Elizabeth Marro is the author of the novel, Casualties, the story of a defense executive who loses her son just when she thought he was safely home from war. Now, she must face the painful truth about her past, her choices, the war, and her son.

28 Comments on “The Gift of Found Time”

  1. As I was about to post this, my dad wrote me an update. I am sharing it with you here:

    Today was a good day! preceded by a miserable week in terms of human relations, especially family, and work oriented stuff. I am tired, having been somewhat sleepless for the past few days but elated in terms of what I saw in our place of business today…my son smiling broadly, everyone in the shop engaged, professional and paying attention to their tasks, cheerful…getting things done. My soul is refreshed. From this environment came inspiration and paths to solutions of nagging problems. I am grateful…and happy, this was a special windfall! Betsy’s Dad

  2. What a delightful, poignant post! This really spoke to me, I guess because I’ve thought about these things many times, but never as eloquently as this. Betsy, you should turn this into an essay and submit it somewhere. There are magazines out there that would love this.

  3. I love this and as the To Do list of Christmas seems to be one item too many, I needed this reminder that our lives are precious and too short. Thanks to you and your dad for helping me find a little more of the time that has been here all along.

  4. I read this about 5 minutes after I found myself, sitting at my computer, thinking, man, I love my life. It is a life of found days lately, and although I know there will come an end to the whimsy, I am entrenched in the joy of right now. Your post seemed to be written for me today. thank you.

      1. “Surviving” sums it up well, I think.

        I have my reading for my masters thesis tomorrow, and then at least I’ll have a slightly lighter stress and workload.

  5. I’ve been thinking about your essay all day, Betsy. Finding moments, savoring them, realizing time is something I so often construct and then fight in my imagination. How much better to discover its gifts. Thank you!

    1. Katrina, the essay has been bubbling for a long time but it was reading your blog post about the Solstice and your decision to approach each activity surrounding the holidays consciously and with real attention and acceptance that helped me to get it out of my head and onto the screen. Glad you liked it.
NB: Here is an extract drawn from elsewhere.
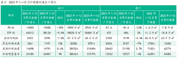 (1)膠印機 1)卷筒紙膠印機 2023年1—12月,中國出口卷筒紙膠印機121臺,金額1957萬美元,金額同比下降25%。出口西班牙8臺,金額270萬美元;出口越南27臺,金額242萬美元;出口意大利7臺,金額231萬美元;出口土耳其11臺,金額194萬美元;出口俄羅斯5臺,金額189萬美元;出口印度尼西亞10臺,金額175萬美元。 2022年1—12月,出口卷筒紙膠印機139臺,金額2714萬美元。其中,出口意大利27臺,金額839萬美元;出口土耳其25臺,金額496萬美元;出口西班牙10臺,金額336萬美元。 2023年1—12月,進口80臺卷筒紙膠印機(包含商業表格輪轉印刷機等商品),金額3182萬美元,金額同比增長114%。從日本進口58臺,金額1540萬美元;從德國進口11臺,金額1387萬美元(其中,2023年7月從德國進口到天津1臺,金額高達1081萬美元);從法國進口7臺,金額228萬美元。日本和德國兩國進口額相加占總進口額的92%。 2)單張紙膠印機(不包含單色膠印機) 2023年1—12月,出口單張紙膠印機1149臺,金額1.6億美元,同比增長38%。其中,出口印度556臺,金額2009萬美元;出口越南87臺,金額1812萬美元;出口日本12臺,金額1454萬美元;出口美國58臺,金額1191萬美元。 2022年1—12月,出口單張紙膠印機544臺,金額1.2億美元。其中,出口美國36臺,金額1815萬美元,金額排名第一。 2023年1—12月,進口877臺,金額6.2億美元。其中,自德國進口4.6億美元,約占總進口金額的3/4;自日本進口1.5億美元。 2022年1—12月,共進口961臺單張紙膠印機,金額6億美元,其中,自德國進口677臺,金額4.3億美元;自日本進口282臺,金額1.7億美元。 (2)柔版印刷機 2023年1—12月,共進口38臺柔版印刷機,金額1780萬美元,金額同比下降42%。其中,從德國進口5臺柔版印刷機,金額1239萬美元,占總進口金額的70%;從意大利進口7臺,金額367萬美元;從日本進口1臺,金額103萬美元;從瑞士進口1臺,金額49萬美元。 2023年1—12月,出口柔版印刷機142臺,金額1.16億美元,金額同比增長16%。出口金額最高的目的地是俄羅斯,118臺,金額2632萬美元;其次是越南114臺,金額876萬美元;沙特131臺,金額733萬美元;意大利10臺,金額555萬美元。 2022年1—12月,出口柔版印刷機2236臺,金額1億美元。其中,出口越南金額最高,524臺,1611萬美元;出口印度195臺,金額758萬美元;出口俄羅斯70臺,金額734萬美元。 (3)凹版印刷機 2023年1—12月,進口凹印機31臺,金額1091萬美元,金額同比下降55%。金額最高的進口來源國依次是日本、韓國和瑞士。其中,從日本進口4臺,金額315萬美元;從韓國進口5臺,金額298萬美元;從瑞士進口3臺,金額228萬美元。 2023年1—12月,出口凹印機1278臺,金額6172萬美元,金額同比下降6%。其中,出口越南303臺,金額1297萬美元;出口印度76臺,金額832萬美元;出口泰國52臺,金額632萬美元;出口印度尼西亞45臺,金額445萬美元;出口日本15臺,金額306萬美元。 2.印刷器材 2023年1—12月印刷器材進出口數據如表2所示。

    1. I think the thing that hits me too is that it is not only found time for my dad but for us to be together and connect more deeply. I know I have not used all the time well and want to do better. Thank you for commenting and sharing your own experience.

  6. Another great reflection. Joleen and I built in an extra day in Paris because of your experience

    Sent from Harald’s iPhone

  7. Dear Betsy,
    I sat down to write my blog about London and just saw this post as I went through my gmail alerts. It seems we are often on the same wave length. Time is a funny thing and I love the story about the day you “found” in Paris. My husband and I didn’t find a day in London, but an unscripted vacation reminded me of the last day you describe in Paris. I really enjoy your insight and appreciate your way with words. I loved this line: “The thing we remember most is how time moved slowly, like a river in August. Each minute drifted up to us, sank in, and then passed without urgency.” Thank you for this.
    Happy holidays,
    Kimberly 🙂

    1. Thanks, Kimberly. It’s great to hear from you. I”m heading over to your blog to check out London. Glad to hear you’ve had your own unscripted days. Happy Holidays to you too! Many blessings in the New Year.

  8. Lovely post, Elizabeth. One of my best found days was during a snow storm. My husband and I walked Chicago for hours and ended up at a German Irish pub called Gunter Murphy’s. We told stories filled with black humor and inappropriate insights and laughed, along with other patrons – strangers – until our sides hurt. Happy New Year.

    1. Thank you for sharing this, Victoria. There’s something about snow and walking and safe havens happened upon that create a world and space of their own. How wonderful for you to have discovered that. Happy New Year to you!